What the world needs now…
Hello, and welcome to issue 94, our Women in Science issue, timed to coincide with the International Day of Women and Girls in Science on 11th February. This is the third such day, with a resolution to establish an International Day to recognise the critical role women and girls play in science and technology having been voted for by the United Nations General Assembly at the end of 2015.
Science and gender equality have been agreed by the United Nations as both being vital for the achievement of the internationally agreed development goals, including the 2030 Agenda for Sustainable Development. Surely the 193 countries who voted to end poverty cannot be wrong. What the world needs now isn’t just love – although that has to help too – it’s brains. Everyone’s brains.
It was Marie Curie who said: “Nothing in life is to be feared, it is only to be understood. Now is the time to understand more so that we may fear less.”
(Check out the brilliant photo at the top of the page with Marie Curie sat surrounded by men at the first Solvay Conference in 1911.)
I can’t think of a more important time than today for the scientific community to embrace the widest possible pool of talent and ideas, because for the first time in my lifetime I’m seeing scientific fact being challenged and called into question like never before. We’ve got doubters of global warming. How do they explain polar bears starving to death in the Antarctic? We’ve got people who still believe the Earth is flat. It could be funny if it wasn’t so terrifying.
People are cherry picking the ‘facts’ that support their own belief systems. Is this because they are afraid of facts? As with politics, personal beliefs are well, personal. The increasing use of social media to keep up with what’s happening in the world means that we are more likely to find our news from sources that reinforce our own personal beliefs and values.
“…you are entitled to your own opinion, but you are not entitled to your own facts…”
I was watching David Letterman’s new show, My Next Guest Needs No Introduction, recently, and Barack Obama was the first guest. Obama said:
“…One of the biggest challenges we have to our democracy is the degree to which we don’t share a common baseline of facts. There is a well-known senator from New York, Daniel Patrick Moynihan. And one time he was debating one of his less-capable colleagues. And the guy got flustered and said, well, Senator Moynihan, that’s just your opinion, and I have mine. And Moynihan says, sir, you are entitled to your own opinion, but you are not entitled to your own facts…”
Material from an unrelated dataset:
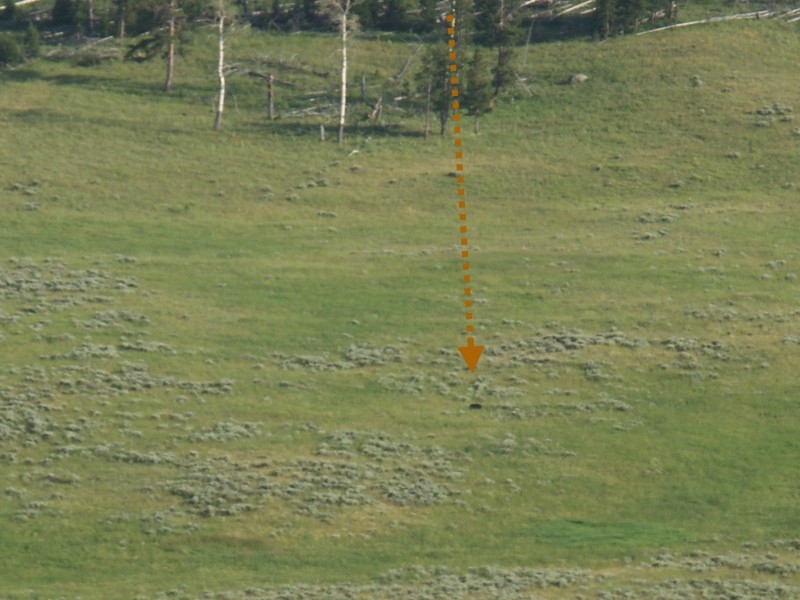 At last, we can see a bear! Yes: it is! We can see it with binoculars. He is busy, eating blueberries.
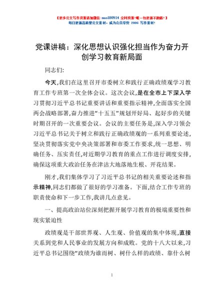 / 党课讲稿:深化思想认识 强化担当作为 奋力开创学习教育新局面

This is true not only for politics, but also for science. Never before has scientific fact been called in to question more, partly for political gain. For this reason, science needs to keep recruiting the brightest and best minds, regardless of who they belong to.
Bringing diverse voices together
In this issue, Ivvet Modinou, Head of Engagement at the British Science Association shares how she is actively engaging with volunteers to make science accessible to anyone and everyone. You don’t have to be a scientist to volunteer. She makes the excellent point that science is about bringing diverse voices together to discuss broader societal issues.
Sometimes when I’m putting Womanthology together and I glimpse into the future, most of the time I’m exhilarated about all the possibilities for science, medicine and technology – there’s a great many talented women (and also men) working to push through the barriers of convention and make wonderful things happen. There’s artificial intelligence and robotics. There’s blockchain and cryptography. There’s new 2D materials with incredible properties that make the impossible possible.
Sometimes I’m a little scared about the unrelenting pace of progress too, but as Marie Curie says, the more we understand, the less we fear. Let’s involve as many diverse viewpoints as possible, across all genders, ethnicities and all sections of society. Science needs us all if we’re to fully embrace its possibilities, and that’s a fact.